| Task instructions |
Please copy each line of the data that includes the string "conservation".

| Records for the task |
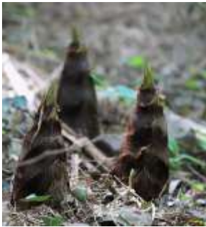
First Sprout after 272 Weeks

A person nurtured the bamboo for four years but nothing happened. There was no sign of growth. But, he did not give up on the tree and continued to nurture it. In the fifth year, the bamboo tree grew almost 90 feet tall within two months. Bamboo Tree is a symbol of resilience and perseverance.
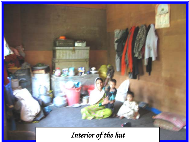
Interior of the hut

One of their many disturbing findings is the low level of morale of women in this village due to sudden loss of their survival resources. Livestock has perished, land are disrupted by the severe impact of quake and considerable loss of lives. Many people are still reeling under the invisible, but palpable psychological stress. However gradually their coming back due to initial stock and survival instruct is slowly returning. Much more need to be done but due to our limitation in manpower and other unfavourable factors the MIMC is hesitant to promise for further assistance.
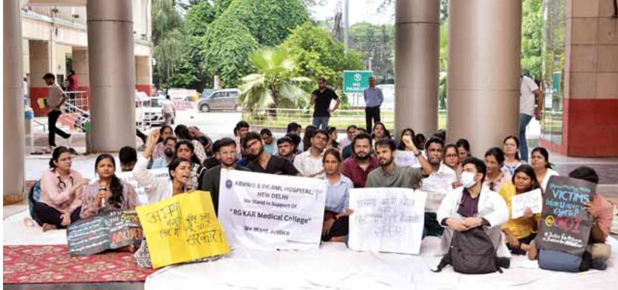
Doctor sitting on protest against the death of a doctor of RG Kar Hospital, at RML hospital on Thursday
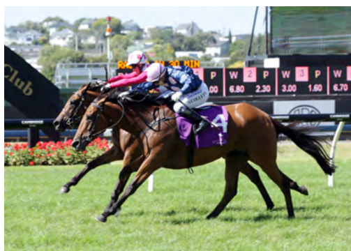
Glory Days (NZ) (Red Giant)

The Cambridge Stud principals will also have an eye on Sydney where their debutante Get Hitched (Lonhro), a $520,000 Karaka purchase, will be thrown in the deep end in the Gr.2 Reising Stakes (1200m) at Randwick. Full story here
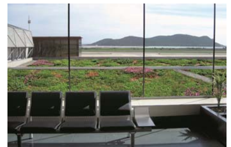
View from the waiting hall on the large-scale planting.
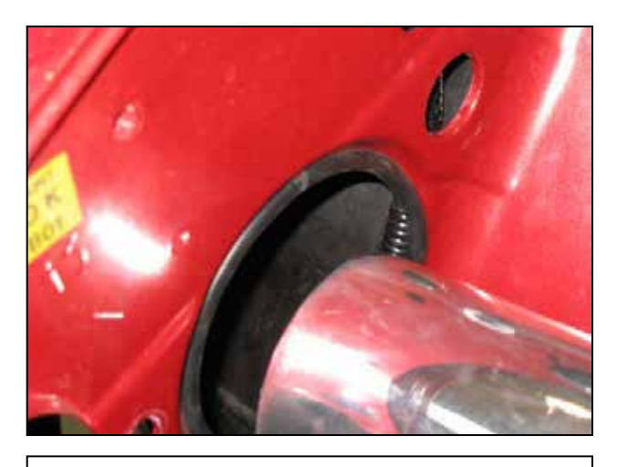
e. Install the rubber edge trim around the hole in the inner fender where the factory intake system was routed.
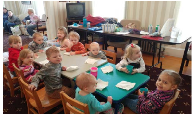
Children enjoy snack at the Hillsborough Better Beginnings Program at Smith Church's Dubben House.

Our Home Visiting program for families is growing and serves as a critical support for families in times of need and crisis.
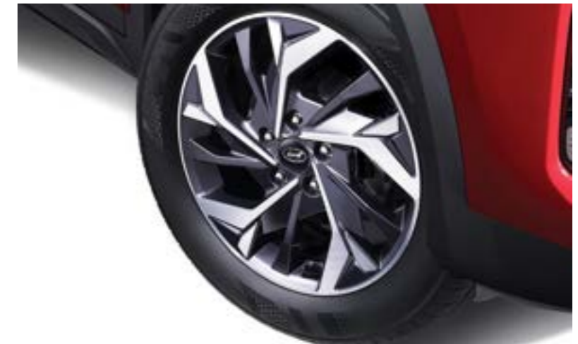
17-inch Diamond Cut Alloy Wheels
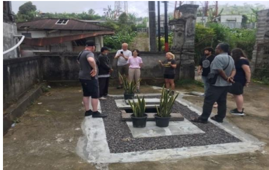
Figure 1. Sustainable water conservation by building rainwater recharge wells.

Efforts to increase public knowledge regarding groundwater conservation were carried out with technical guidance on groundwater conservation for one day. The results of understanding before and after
==
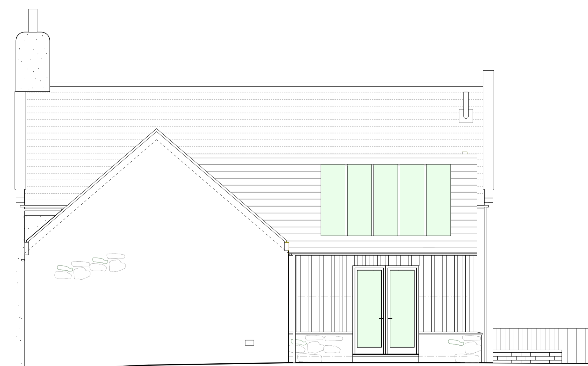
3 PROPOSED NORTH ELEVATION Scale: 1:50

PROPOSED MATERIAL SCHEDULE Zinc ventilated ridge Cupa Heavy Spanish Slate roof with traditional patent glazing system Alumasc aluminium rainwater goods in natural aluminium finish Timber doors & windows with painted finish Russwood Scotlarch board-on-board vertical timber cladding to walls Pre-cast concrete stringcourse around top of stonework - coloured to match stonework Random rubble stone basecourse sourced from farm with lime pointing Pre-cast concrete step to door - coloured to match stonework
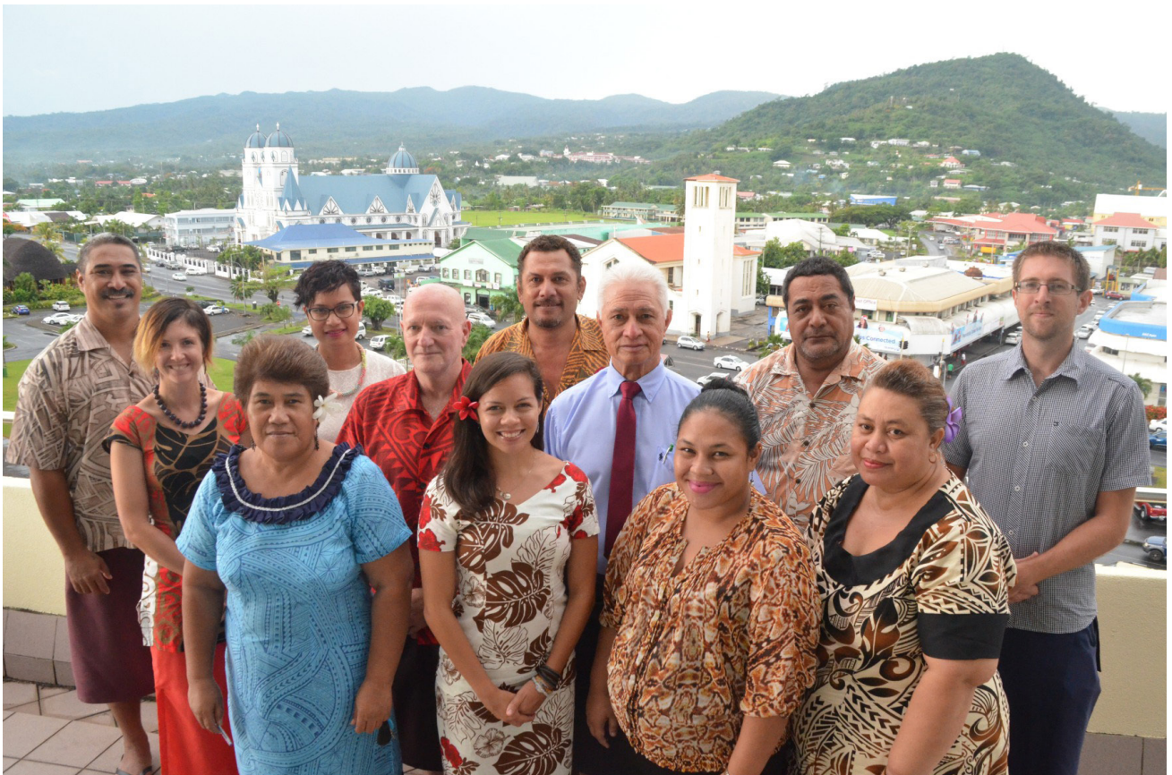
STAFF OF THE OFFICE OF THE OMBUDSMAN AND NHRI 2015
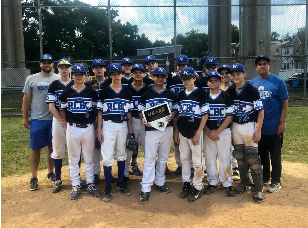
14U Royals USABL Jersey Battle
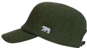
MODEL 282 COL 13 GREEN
* * *
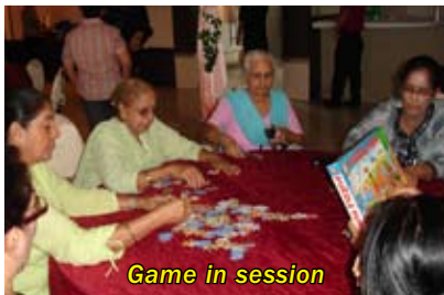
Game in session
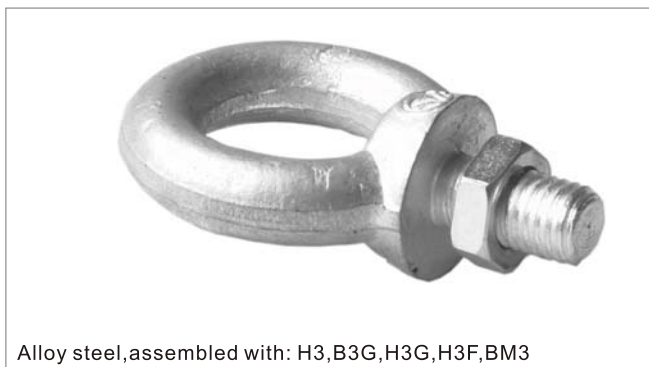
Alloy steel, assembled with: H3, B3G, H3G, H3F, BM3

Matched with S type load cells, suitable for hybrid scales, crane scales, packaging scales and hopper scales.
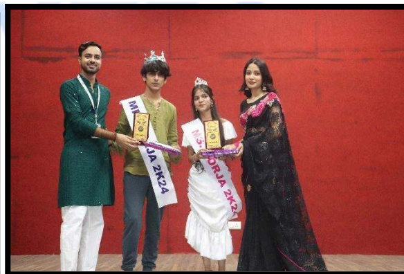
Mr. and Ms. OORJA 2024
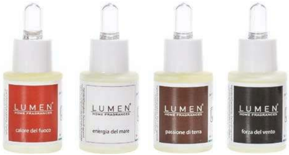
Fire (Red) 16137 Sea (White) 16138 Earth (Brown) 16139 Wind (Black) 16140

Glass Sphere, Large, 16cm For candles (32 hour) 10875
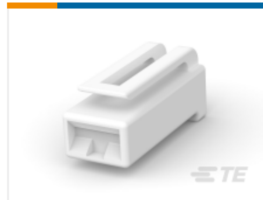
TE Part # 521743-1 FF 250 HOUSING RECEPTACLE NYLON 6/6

| Answer to the problem |
Figure 1. Sustainable water conservation by building rainwater recharge wells.
Efforts to increase public knowledge regarding groundwater conservation were carried out with technical guidance on groundwater conservation for one day. The results of understanding before and after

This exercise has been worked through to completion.